DATA EXCERPT
▽

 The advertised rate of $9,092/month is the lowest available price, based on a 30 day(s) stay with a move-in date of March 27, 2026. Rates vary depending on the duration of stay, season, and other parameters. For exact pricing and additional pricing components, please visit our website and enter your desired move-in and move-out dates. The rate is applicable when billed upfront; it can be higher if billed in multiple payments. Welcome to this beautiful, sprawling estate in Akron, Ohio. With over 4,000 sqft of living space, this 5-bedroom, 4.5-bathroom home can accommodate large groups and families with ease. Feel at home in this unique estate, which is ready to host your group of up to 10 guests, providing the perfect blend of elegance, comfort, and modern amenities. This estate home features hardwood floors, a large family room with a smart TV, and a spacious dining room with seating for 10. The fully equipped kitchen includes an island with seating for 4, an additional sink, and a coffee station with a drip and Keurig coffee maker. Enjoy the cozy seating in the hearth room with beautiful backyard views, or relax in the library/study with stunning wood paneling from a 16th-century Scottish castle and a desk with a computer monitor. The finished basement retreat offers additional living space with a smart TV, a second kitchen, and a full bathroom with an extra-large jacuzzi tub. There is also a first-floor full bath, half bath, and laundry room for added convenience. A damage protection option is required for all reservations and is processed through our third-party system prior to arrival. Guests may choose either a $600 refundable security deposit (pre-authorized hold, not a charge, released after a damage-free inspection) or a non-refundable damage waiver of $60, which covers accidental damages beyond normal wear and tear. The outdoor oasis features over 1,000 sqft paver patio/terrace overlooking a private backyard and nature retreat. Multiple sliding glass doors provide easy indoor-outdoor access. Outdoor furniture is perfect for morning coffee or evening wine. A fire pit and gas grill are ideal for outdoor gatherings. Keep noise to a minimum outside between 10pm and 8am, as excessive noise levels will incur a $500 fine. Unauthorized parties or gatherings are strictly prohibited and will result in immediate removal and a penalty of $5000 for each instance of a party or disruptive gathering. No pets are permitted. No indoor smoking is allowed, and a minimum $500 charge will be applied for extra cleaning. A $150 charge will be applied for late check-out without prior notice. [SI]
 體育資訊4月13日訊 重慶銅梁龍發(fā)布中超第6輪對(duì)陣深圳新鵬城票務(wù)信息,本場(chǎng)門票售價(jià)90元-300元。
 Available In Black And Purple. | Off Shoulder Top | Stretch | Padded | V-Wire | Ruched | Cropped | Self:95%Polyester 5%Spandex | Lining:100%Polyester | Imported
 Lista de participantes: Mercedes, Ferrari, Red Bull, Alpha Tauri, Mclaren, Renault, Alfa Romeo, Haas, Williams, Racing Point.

△

WHAT TO PRODUCE
All of the lines above are to be restated word for word.

RESPONSE FOR THIS EXERCISE
 The advertised rate of $9,092/month is the lowest available price, based on a 30 day(s) stay with a move-in date of March 27, 2026. Rates vary depending on the duration of stay, season, and other parameters. For exact pricing and additional pricing components, please visit our website and enter your desired move-in and move-out dates. The rate is applicable when billed upfront; it can be higher if billed in multiple payments. Welcome to this beautiful, sprawling estate in Akron, Ohio. With over 4,000 sqft of living space, this 5-bedroom, 4.5-bathroom home can accommodate large groups and families with ease. Feel at home in this unique estate, which is ready to host your group of up to 10 guests, providing the perfect blend of elegance, comfort, and modern amenities. This estate home features hardwood floors, a large family room with a smart TV, and a spacious dining room with seating for 10. The fully equipped kitchen includes an island with seating for 4, an additional sink, and a coffee station with a drip and Keurig coffee maker. Enjoy the cozy seating in the hearth room with beautiful backyard views, or relax in the library/study with stunning wood paneling from a 16th-century Scottish castle and a desk with a computer monitor. The finished basement retreat offers additional living space with a smart TV, a second kitchen, and a full bathroom with an extra-large jacuzzi tub. There is also a first-floor full bath, half bath, and laundry room for added convenience. A damage protection option is required for all reservations and is processed through our third-party system prior to arrival. Guests may choose either a $600 refundable security deposit (pre-authorized hold, not a charge, released after a damage-free inspection) or a non-refundable damage waiver of $60, which covers accidental damages beyond normal wear and tear. The outdoor oasis features over 1,000 sqft paver patio/terrace overlooking a private backyard and nature retreat. Multiple sliding glass doors provide easy indoor-outdoor access. Outdoor furniture is perfect for morning coffee or evening wine. A fire pit and gas grill are ideal for outdoor gatherings. Keep noise to a minimum outside between 10pm and 8am, as excessive noise levels will incur a $500 fine. Unauthorized parties or gatherings are strictly prohibited and will result in immediate removal and a penalty of $5000 for each instance of a party or disruptive gathering. No pets are permitted. No indoor smoking is allowed, and a minimum $500 charge will be applied for extra cleaning. A $150 charge will be applied for late check-out without prior notice. [SI]
 體育資訊4月13日訊 重慶銅梁龍發(fā)布中超第6輪對(duì)陣深圳新鵬城票務(wù)信息,本場(chǎng)門票售價(jià)90元-300元。
 Available In Black And Purple. | Off Shoulder Top | Stretch | Padded | V-Wire | Ruched | Cropped | Self:95%Polyester 5%Spandex | Lining:100%Polyester | Imported
 Lista de participantes: Mercedes, Ferrari, Red Bull, Alpha Tauri, Mclaren, Renault, Alfa Romeo, Haas, Williams, Racing Point.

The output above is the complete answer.